But rather than give up,
activists across the continent organised.
They toxified TTIP, forcing its
designers on the defensive.
Germany – the very heart of the European project –
witnessed mass demonstrations with up to 250,000 people
participating.
From London to Warsaw, from Prague to Madrid, the
anti-TTIP cause has marched.
Members of the European parliament have been
subjected to passionate lobbying by angry citizens.
Without this popular
pressure, TTIP would have received little scrutiny and
would surely have passed – with disastrous consequences.
Second, this is a real
embarrassment to the British government.
Back in 2011, David Cameron vetoed an
EU treaty to supposedly defend the national interest: in fact, he was worried
that it threatened Britain’s financial sector.
The City of London and Britain
are clearly not the same thing. But Cameron has been among the staunchest
champions of TTIP.
He is more than happy to undermine British sovereignty and
democracy, as long as it is corporate interests who are the beneficiaries.
And so we end in the perverse
situation where it is the French government, rather than our own
administration, protecting our sovereignty.
And third, this has real
consequences for the EU referendum debate. Rather cynically, Ukip have co-opted the TTIP argument.
They have rightly
argued that TTIP threatens our National Health Service – but given that their leader, Nigel
Farage, has suggested abolishing the NHS in favour of private health insurance,
this is the height of chutzpah.
Ukip have mocked those on the left, such as me, who back
a critical remain position in the Brexit referendum over this issue.
But if we
were to leave the EU, not only would the social chapter and various workers’
rights be abandoned – and not replaced by our rightwing government – but
Britain would end up negotiating a series of TTIP agreements.
We would end up
living with the consequences of TTIP, but without the remaining progressive
elements of the EU.
Instead, we have seen what
happens when ordinary Europeans put aside cultural and language barriers and
unite.
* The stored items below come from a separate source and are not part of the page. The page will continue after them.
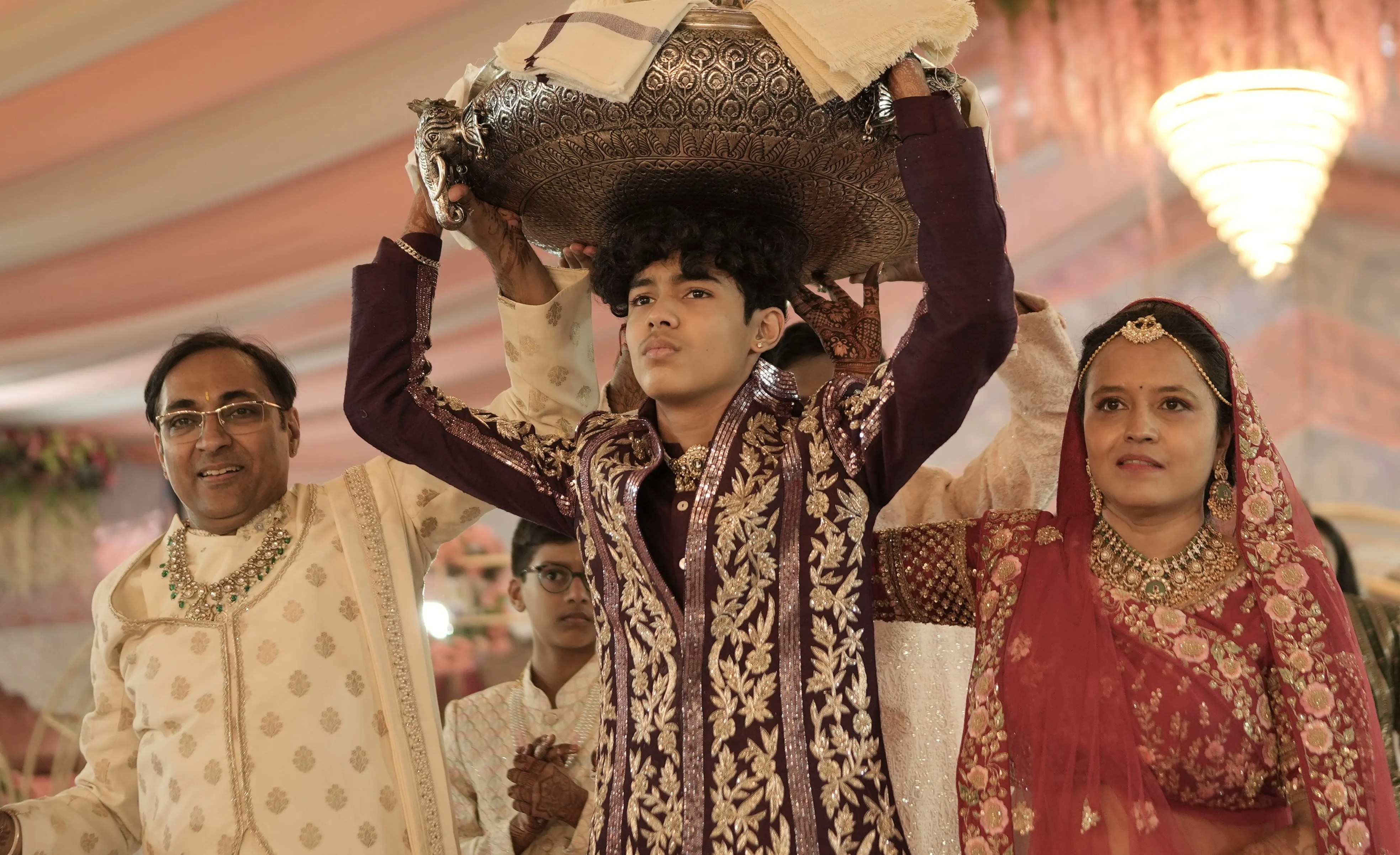 इसके पश्चात विभिन्न बैण्ड, नृत्य मंडलियां, भगवान के रथ, पालखी, अश्व सवार, चतुर्विध संघ, वर्षीदान करते हुए दीक्षार्थी का रथ, दक्षिण भारत के मंगल वाद्य-वृंद, केरल की नादस्वर मंडली, जैन शासन का ध्वज लिए युवा, भगवान और गुरु को चंवर डुलाते श्रावक, विभिन्न संघों के महिला मंडल, पारंपरिक वेशभूषा में श्रावक-श्राविकाएं, राजस्थानी साफे पहने गणमान्य व्यक्ति तथा मुंबई से आए दीक्षार्थी के परिजन वरघोडे़ की शोभा बढ़ा रहे थे। लगभग चार किलोमीटर लंबे इस वरघोडे़ में शंकरपुरम् युवक मंडल, महिला मंडल सहित शहर के अनेक संघों और संगठनों ने सेवाएं प्रदान कीं।
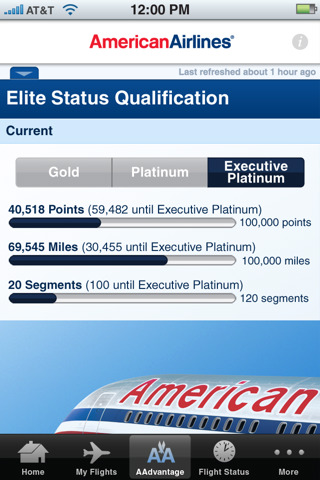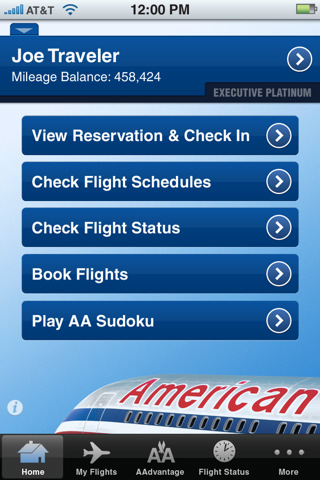 Features: ● Enter your login & password only once: saving your info allows the app to push your upcoming flight details to your home screen, automatically ● Set a parking reminder ● Monitor your place on the standby list ● Track your Elite Status progress ● View personal flight details: get your gate, seat and flight status info at a glance ● Access your mobile boarding pass: the app saves it for you, so its always easy to find ● Use GPS to locate the nearest American Airlines serviced airport ● View terminal maps ● Play Sudoku
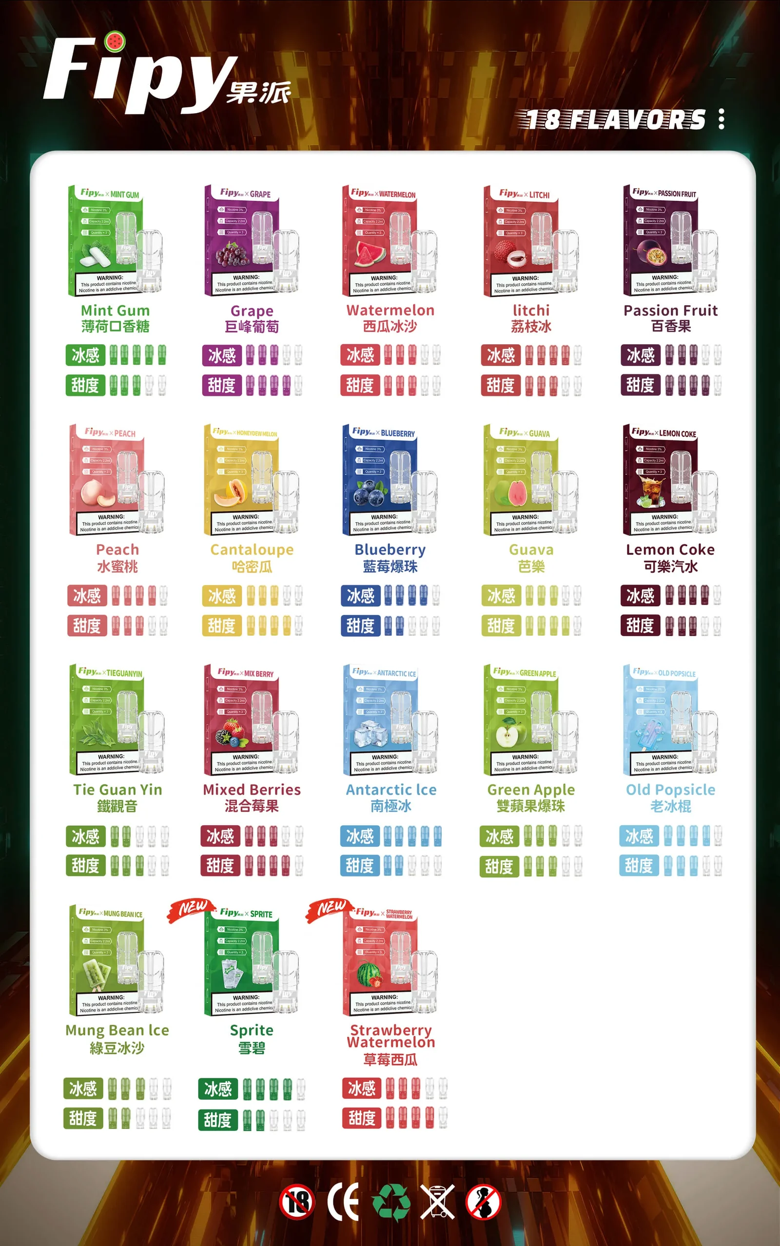 這款 fipy 果派一代霧化煙彈在口味方面可謂是下足了功夫,擁有多種誘人的口味可供選擇。有清新甜蜜的水果口味,像是多汁的蜜桃味,每一口抽吸都仿佛咬下一口熟透了的水蜜桃,那濃郁的蜜桃果香在口腔中肆意綻放,清甜的滋味讓人回味無窮;還有酸爽清新的檸檬味,猶如在炎炎夏日裡喝上了一口冰涼的檸檬汽水,檸檬的清新香氣伴隨著適度的酸味,瞬間讓你感覺神清氣爽,抽上一口,仿佛置身於檸檬果園之中呢;更有那獨具特色的複合水果味,巧妙地融合了草莓、菠蘿、葡萄等多種水果的香氣,創造出了一種全新且豐富的味覺世界,每一次抽吸都是一次探索新奇味道的美妙旅程,能充分滿足你對不同水果香調的喜好與追求哦。
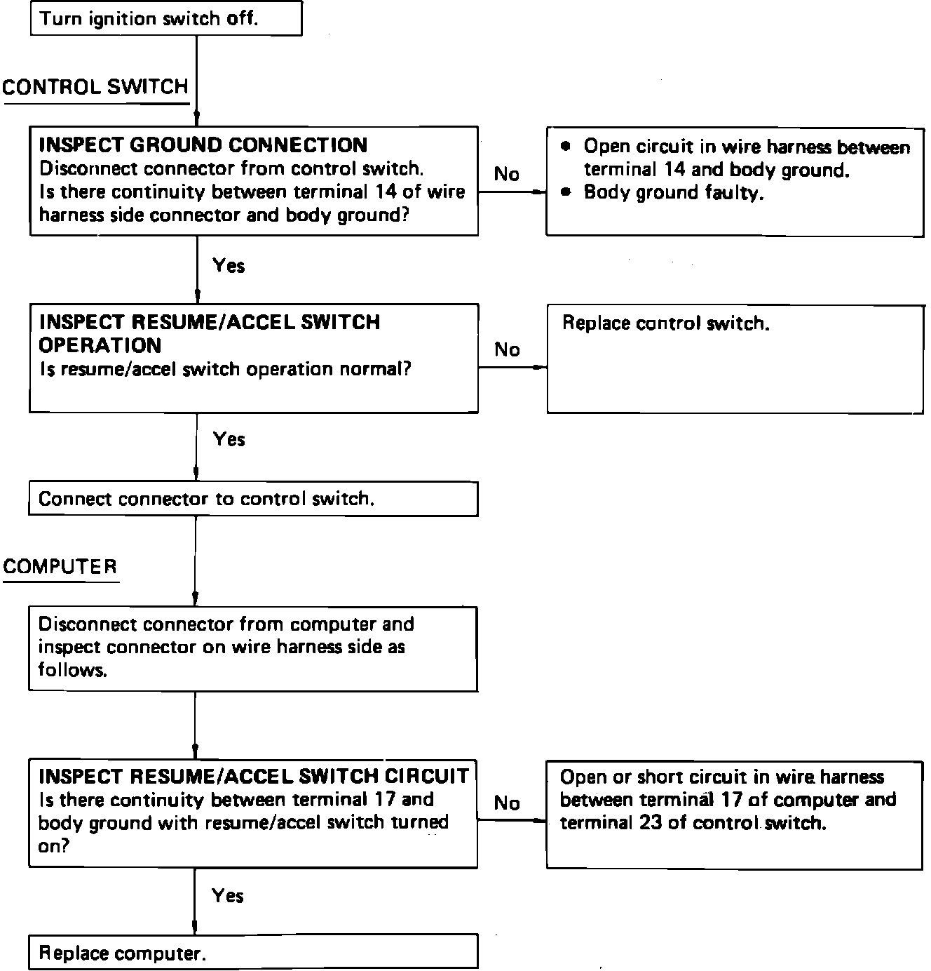 "C" Resume/accel Switch Circuit Inspection:
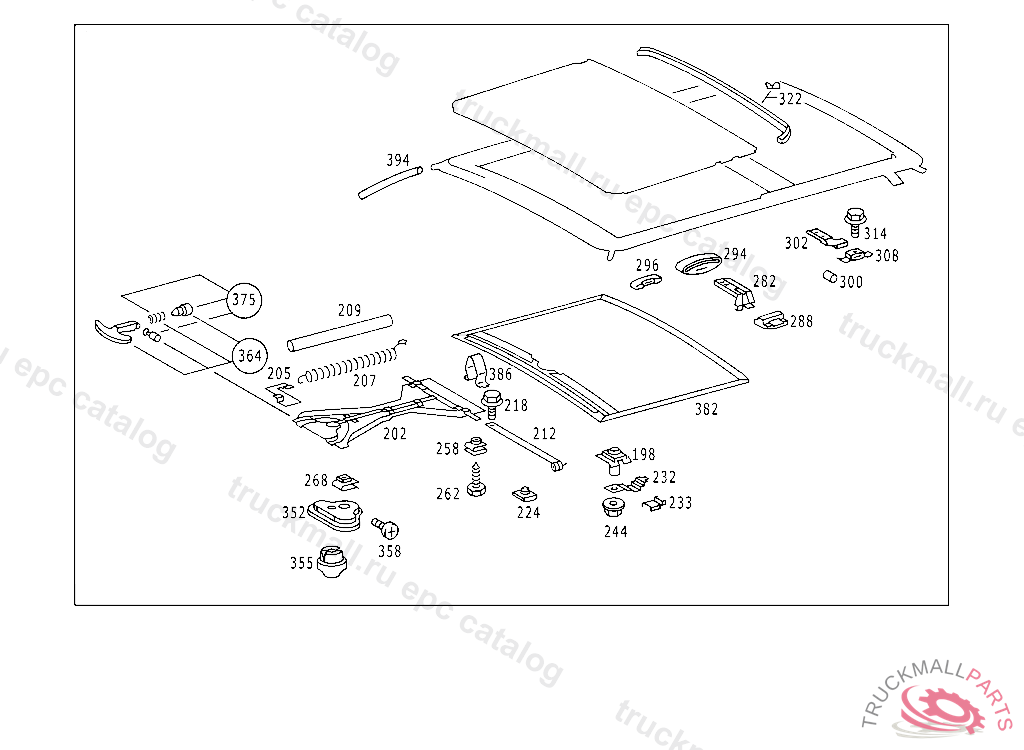 REPAIR KIT SLIDING ROOF HANDLE MOUNTING PARTS WITH LOCKING HANDLE, 033 109427 123 378902 130 279420 133 022590 223 143269 023/UNTIL PRODUCTION STOP
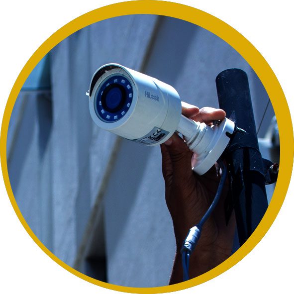 Conhecido como circuito fechado de televisão (CFTV) o monitoramento é a vigilância feita por câmeras que transmitem as imagens em tempo real para um gravador de video ou Central de Monitoramento, no caso de câmeras IP.
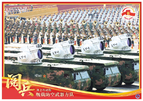 ▲海天盾牌,御敌铠甲。由2台引导车、16辆运输车组成的舰载防空武器方队,3日上午光荣接受检阅。
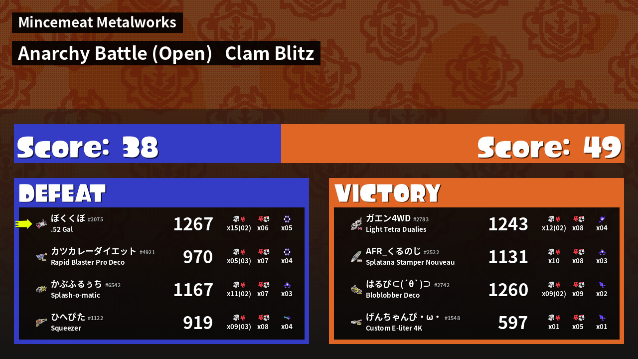 | Mode | Clam Blitz - Anarchy Battle (Open) | ||
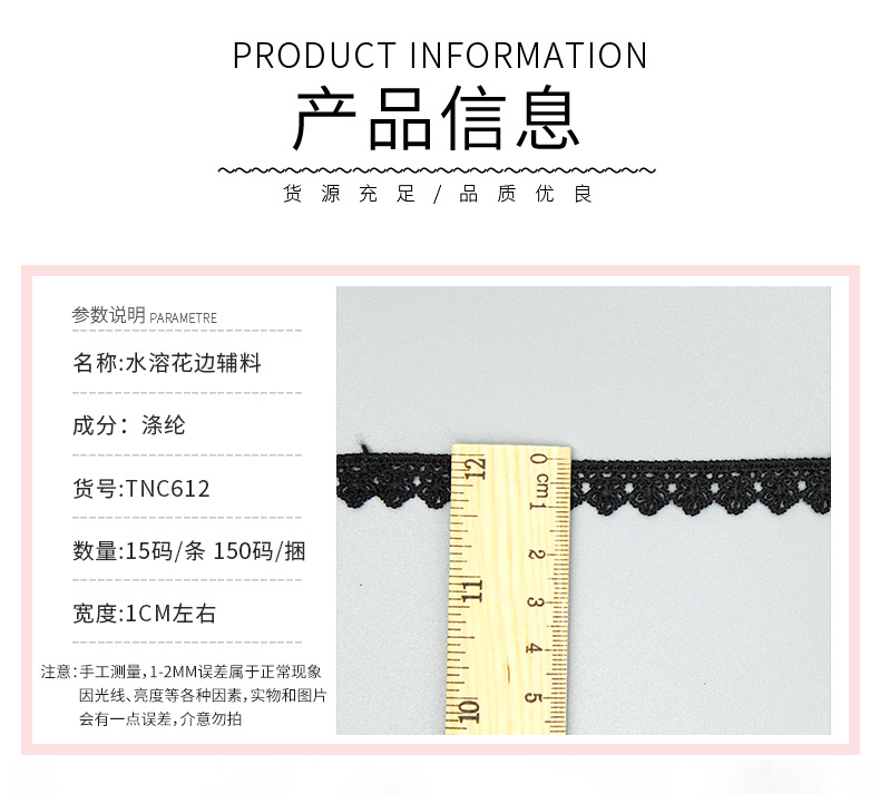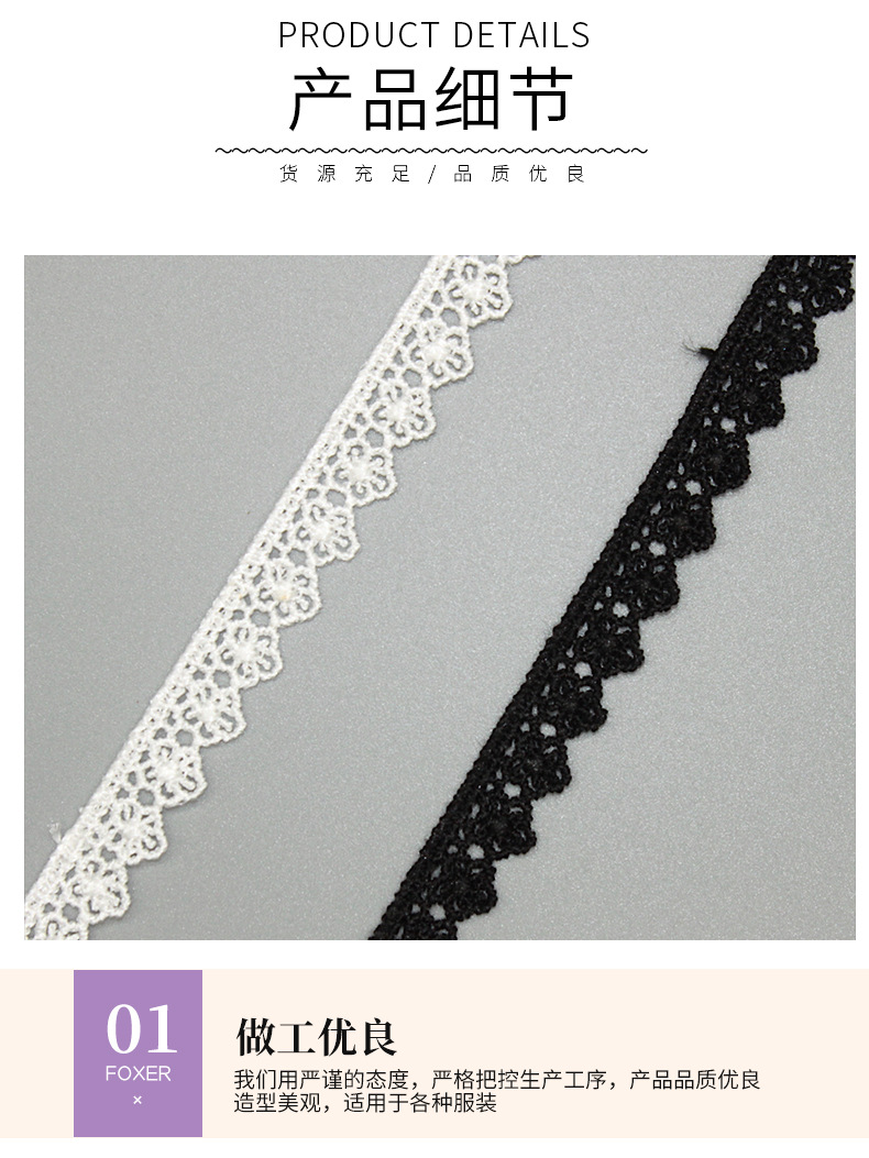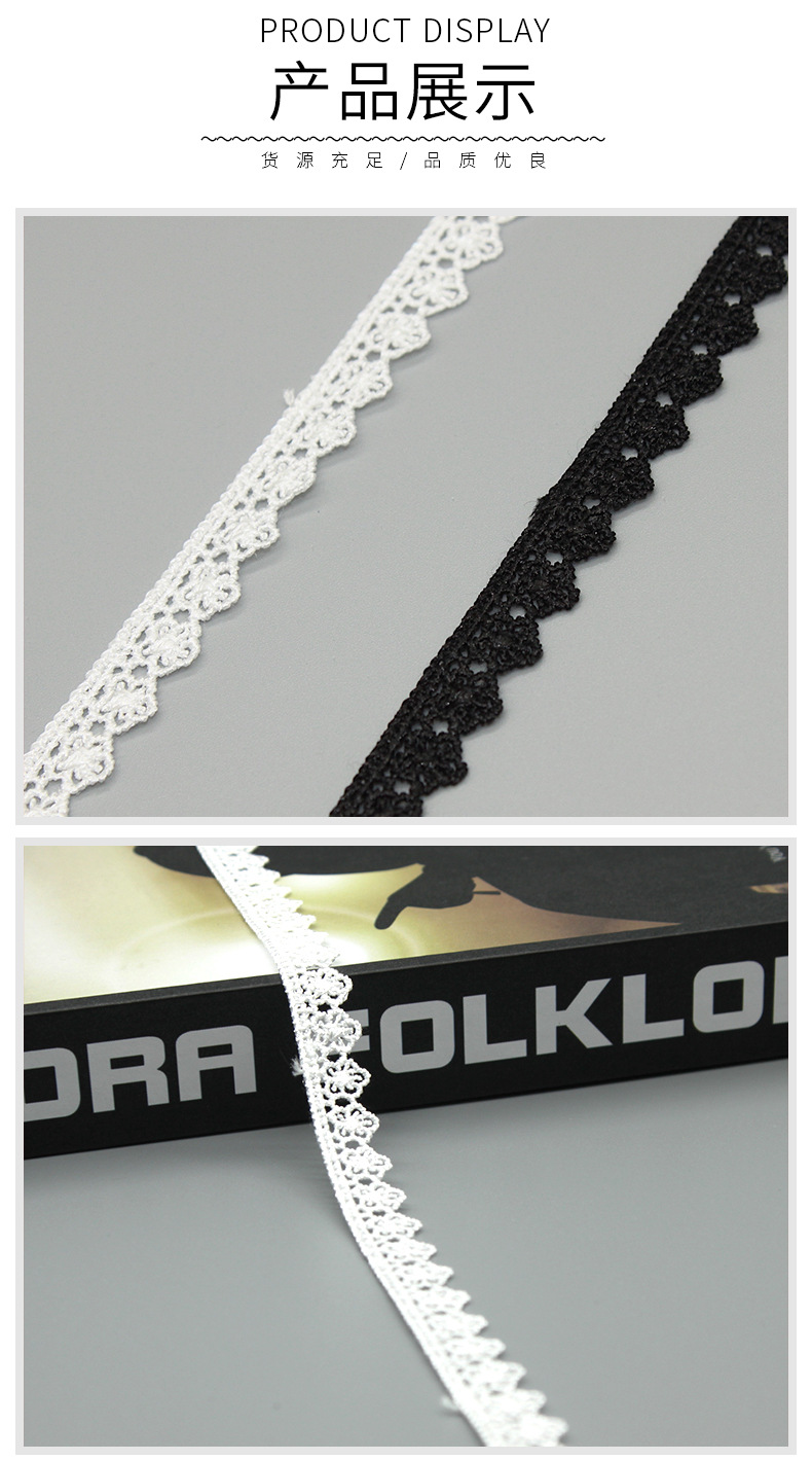 수제 속이 빈 자수 수용성 레이스 1.2cm 홈텍스타일 의류 부자재 흑백 레이스 TNC612

Their collective strength can achieve results.
This should surely be a
launchpad for a movement to build a democratic, accountable, transparent Europe governed
in the interests of its citizens, not corporations.
It will mean reaching
across the Atlantic too.
For all President Obama’s hope-change rhetoric, his
administration – which zealously promoted TTIP – has all too often championed
corporate interests.
However, though Bernie Sanders is unlikely to become the
Democratic nominee, the incredible movement behind him shows – particularly
among younger Americans – a growing desire for a different sort of US.
In the coming months, those
Europeans who have campaigned against TTIP should surely reach out to their
American counterparts.
Even if TTIP is defeated, we still live in a world in
which major corporations often have greater power than nation states: only
organised movements that cross borders can have any hope of challenging this
unaccountable dominance.
From tax justice to climate
change, the “protest never achieves anything” brigade have been proved wrong.